Kali pertama juga, pergantian pemain dilakukan di Piala Dunia 1970 Meksiko yang diikuti 16 negara itu. Saat itu baru dibatasi pergantian untuk dua pemain saja. Pun begitu dengan penggunaan kartu kuning dan merah manakala terjadi pelanggaran. Bisa dikatakan, Piala Dunia 1970 yang dihelat di lima kota di Meksiko lebih 'beradab' dibandingkan gelaran sebelumnya. 

Ya, sepak bola semakin menghibur dengan tidak banyaknya pemain bintang yang cedera. Flashback ke turnamen sebelumnya di Inggris pada 1966, bintang Brasil Pele kerap menjadi santapan pelanggaran sejumlah pemain. Bahkan, Pele ketika itu sempat berujar tidak akan mau lagi main di Piala Dunia.

Kembali ke turnamen. Sejumlah negara yang pada gelaran sebelumnya di Inggris tampil menjanjikan, kali ini tidak lolos. Sebut saja Argentina, Hungaria, Spanyol dan Portugal tidak lolos ke Piala Dunia 1970 Meksiko. Banyak torehan hebat di Piala Dunia kali ini.

Untungnya, Piala Dunia Meksiko tertolong dengan lolosnya juara bertahan Inggris dan Jerman Barat, finalis sebelumnya. Ada juga Brasil, dengan pemain bintang mereka, Pele, yang saat itu sudah berusia 30 tahun dan mengincar trofy Julies Rimet ketiganya. Total, Piala Dunia Meksiko diikuti 10 tim asal Eropa, dua tim Amerika Utara, satu tim Afrika dan tiga tim Amerika Latin.


Pele (istimewa)

Singkatnya, Brasil yang babak belur di Piala Dunia 1966 akhirnya keluar sebagai juara sekaligus raihan ketiganya. Brasil pun menjadi pemilik sah tropi Julies Rimet. Pada penyelenggaraan berikutnya, yakni di Jerman pada 1974 trofi Piala Dunia yang diperebutkan sudah berbeda.

Sejak penyisihan grup, Brasil yang masih diperkuat maestronya Edson Arantes do Nascimento atau Pele tampil meyakinkan. Brasil yang tergabung di Grup 3 menjuarai grup dengan raihan sempurna 6 poin. Di laga pertama, Pele dan kawan-kawan sukses menggebuk Cekoslowakia dengan skor 4-1. Gol Selecao dicetak Rivelino. Pelé dan dua gol dari Jairzinho.
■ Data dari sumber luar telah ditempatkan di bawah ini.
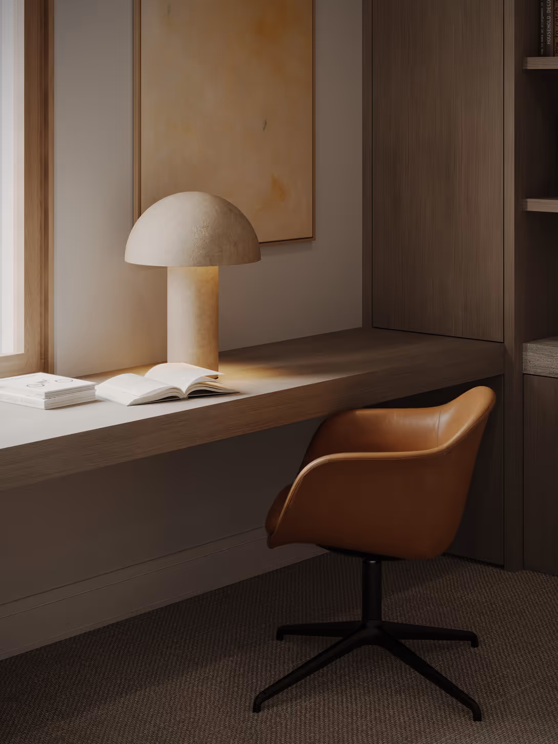A serene office defined by natural travertine, warm wood cabinetry, and soft, diffused lighting that enhances the texture of every surface. Integrated shelving and a sculptural desk bring both elegance and quiet functionality to the space.
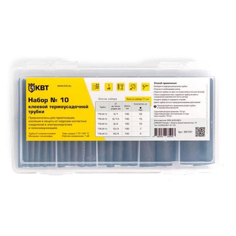 Набор клеевой термоусадочной трубки №10 | 85191 | КВТ
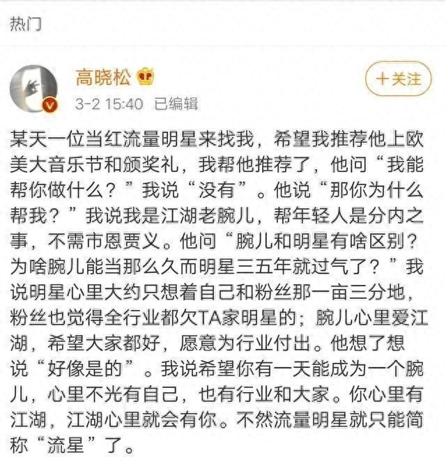 高晓松昨日发文暗讽流量明星,文风特别带感,虽纷纷说他暗有所指,但各路“流量”小主可能也会纷纷陷入自省。
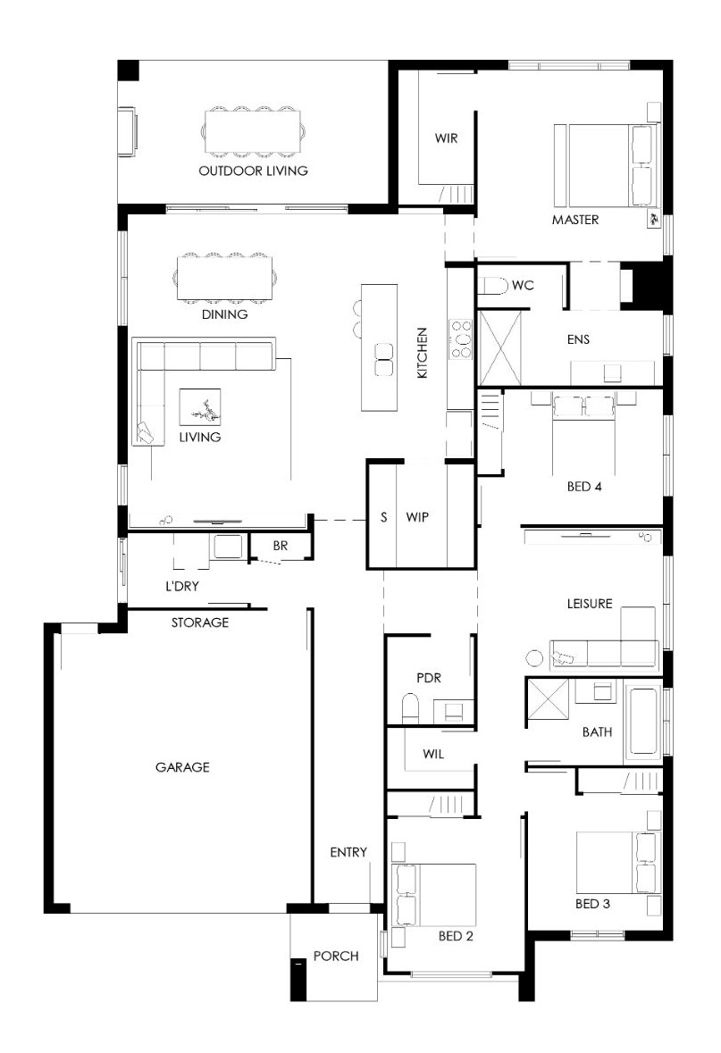 At the heart of the home, an open-plan kitchen, dining and living space flows effortlessly to the expansive wraparound outdoor living area – perfect for entertaining or soaking up the sunshine.
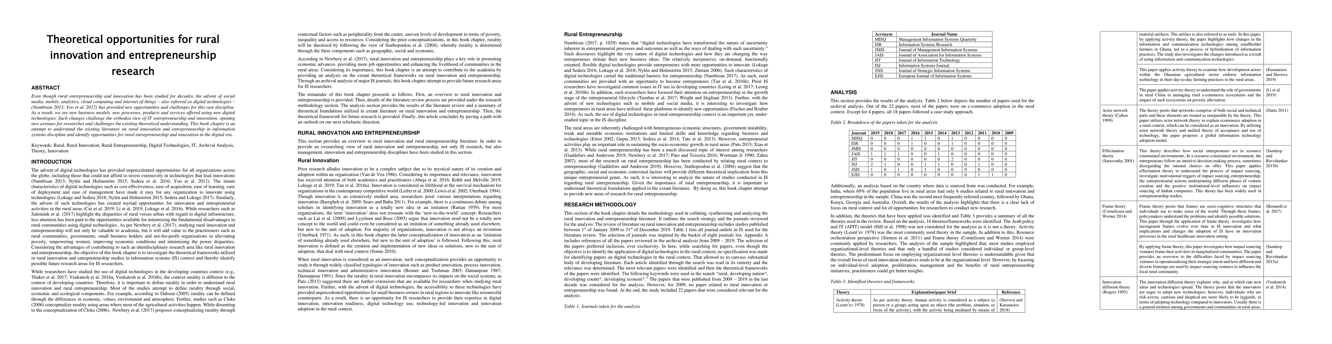 Even though rural entrepreneurship and innovation has been studied for decades, the advent of social media, mobile, analytics, cloud computing and internet of things - also referred as digital technologies - (Nambisan 2013, Yoo et al. 2012) has provided new opportunities and challenges for this vast discipline. As a result, we see new business models, new processes, products and services offered using new digital technologies. Such changes challenge the orthodox view of IT entrepreneurship and innovation, opening new avenues for researches and challenges the existing theoretical understanding. This book chapter is an attempt to understand the existing literature on rural innovation and entrepreneurship in information systems discipline and identify opportunities for rural entrepreneurship and innovation in the digital era.
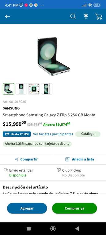 Sam's Club: Samsung Galaxy Z Flip 5 256 GB menta
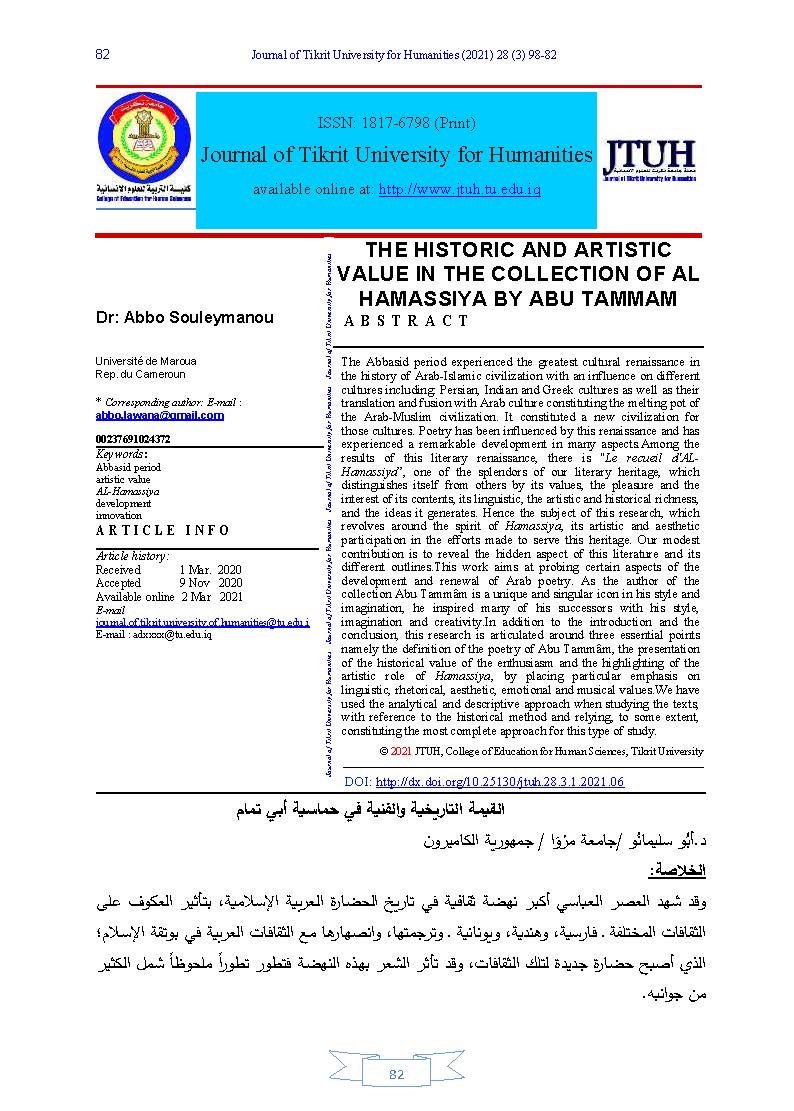 Souleymanou, A. (2021). THE HISTORIC AND ARTISTIC VALUE IN THE COLLECTION OF AL HAMASSIYA BY ABU TAMMAM. Journal of Tikrit University for Humanities, 28(3, 1), 82–98. https://doi.org/10.25130/jtuh.28.3.1.2021.06
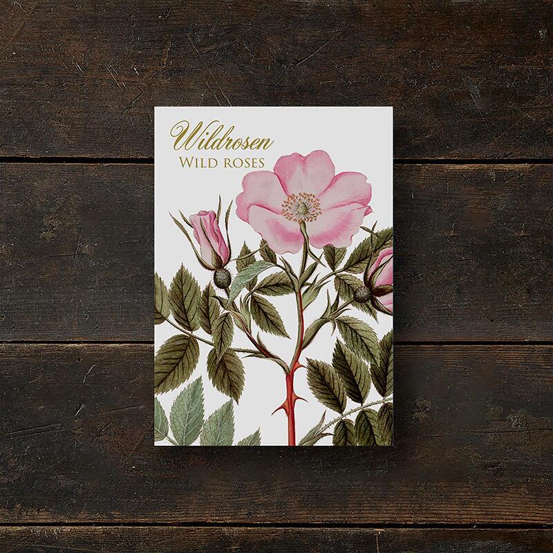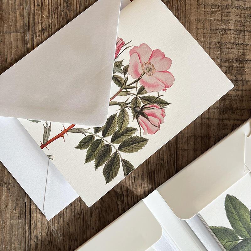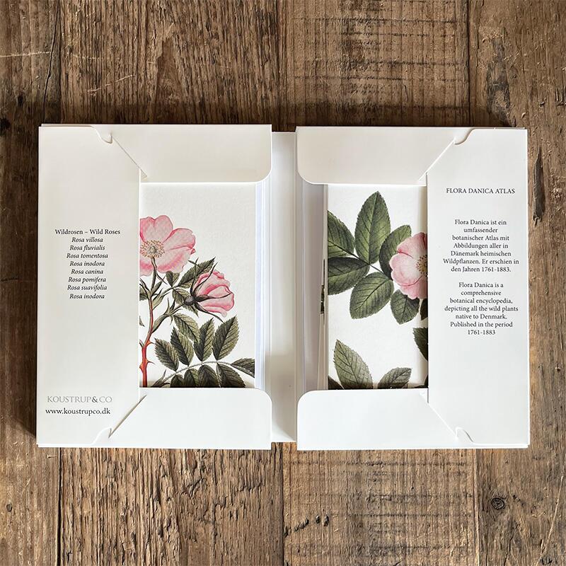 Card set featuring motifs of wild roses from the botanical work Flora Danica.
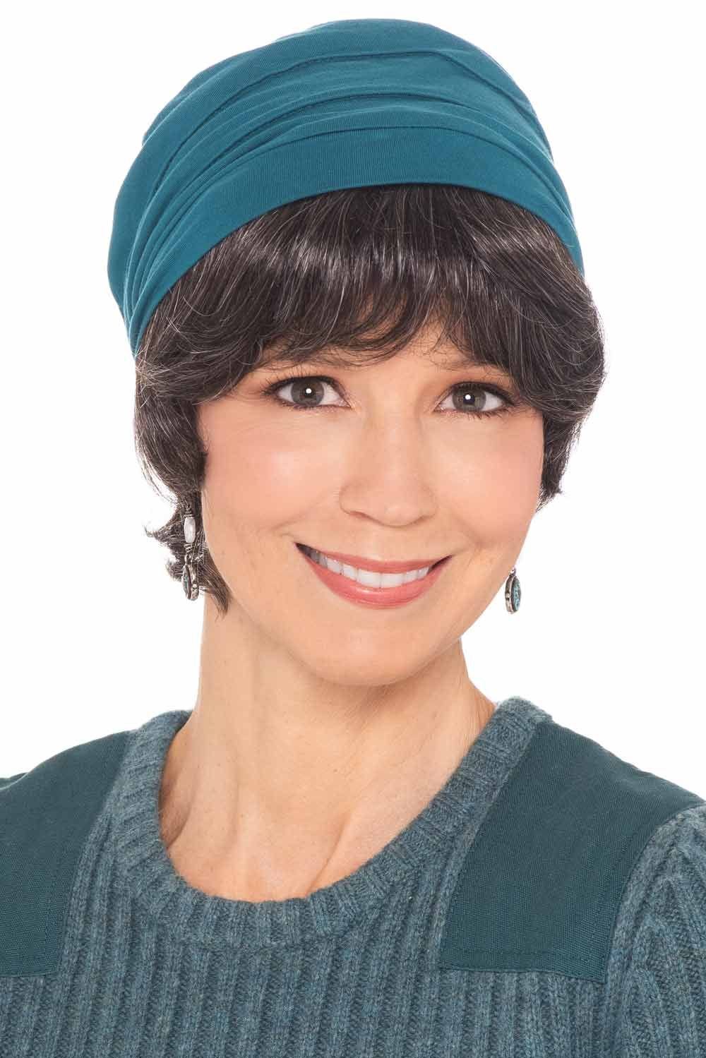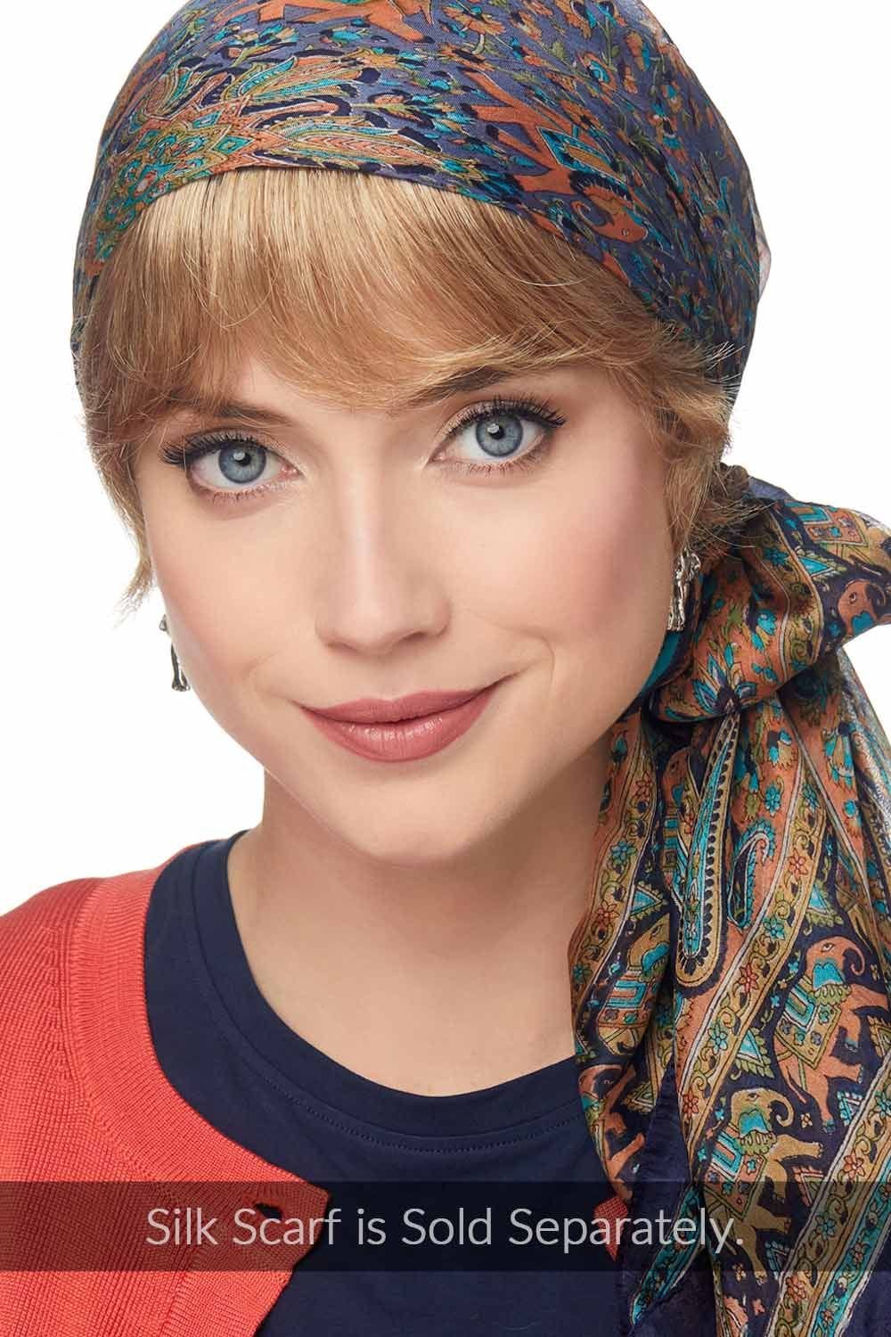 This "Hats with Hair" is perfect to wear with almost any hat or scarf. A "halo" of hair will line all of your hats or scarves to create a truly natural look. This is one of our most versatile products! Our Hats with Hair hairpieces are perfect for women who find full wigs too hot or uncomfortable. They're also perfect for women who just don't like the look of their scarf or hat without any hair underneath. Add your favorite hat, scarf, or turban for a different look every time you wear it! This fashionable hair halo features short locks that go great with just about any look. These easy to use hairpieces are so versatile and are available in several gorgeous shades. They are designed with comfort in mind, as the top part of the head is left uncovered to provide breathability under your hat. Wear it dressed up or dressed down, you're sure to love the look of our Short Hair Halo!
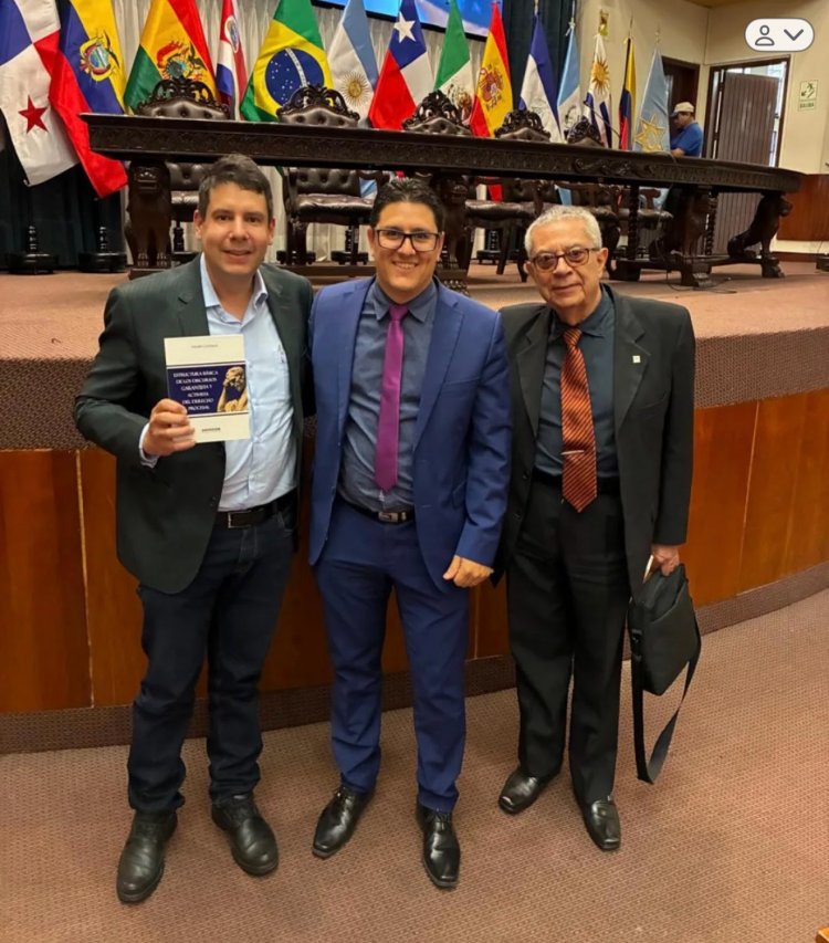 O conceituado e renomado advogado Dr. Ronaldo Bretas ladeado por Dr. Thiago Caversan e o professor Fermin, em um Congresso em Lima, Peru
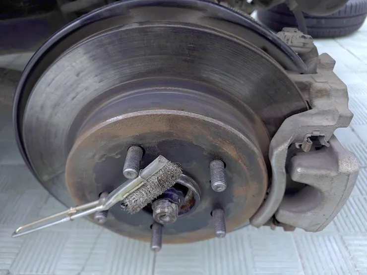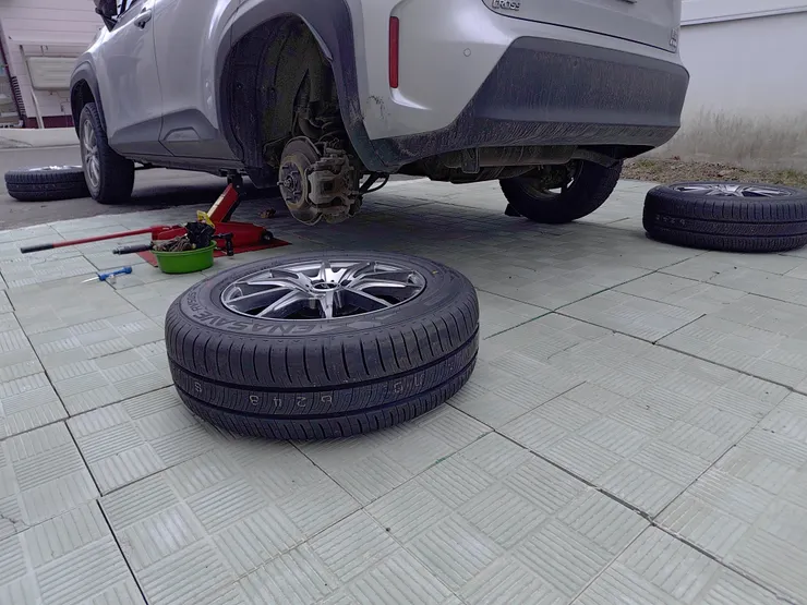 ▷いつもより早いがタイヤ交換しながらFacebookのアニメ動画聴きながら錆びゴシゴシ取り転換液ヌリヌリ丁寧にはかどるね。
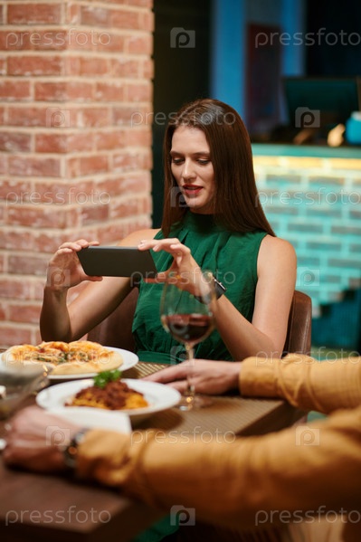 Женщина фотографирует еду в ресторане
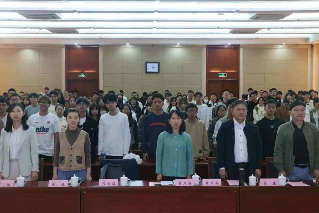 新生开学典礼暨入学教育在金陵研究院三楼会议室召开。院党委书记吴彦宁、院长章维华、院党委副书记冯绪猛、副院长吴磊、副院长张瑾、应化241班班主任张楠、信科241班班主任朱钟湖、信科242班班主任王娟娟、辅导员周玲玉、辅导员张世纪、全体研究生、本科生新生参与会议。

Di laga kedua, juara dua kali Piala Dunia itu sudah ditunggu juara bertahan Inggris, yang dilaga pertama sukses mencatatkan kemenangan atas Rumania 1-0. Bertempat di Stadion Jalisco, Guadalajara, di hadapan 66.843 pasang mata, Pele sukses memimpin rekan-rekannya mengalahkan Inggris lewat gol semata wayang Jairzinho di menit 59.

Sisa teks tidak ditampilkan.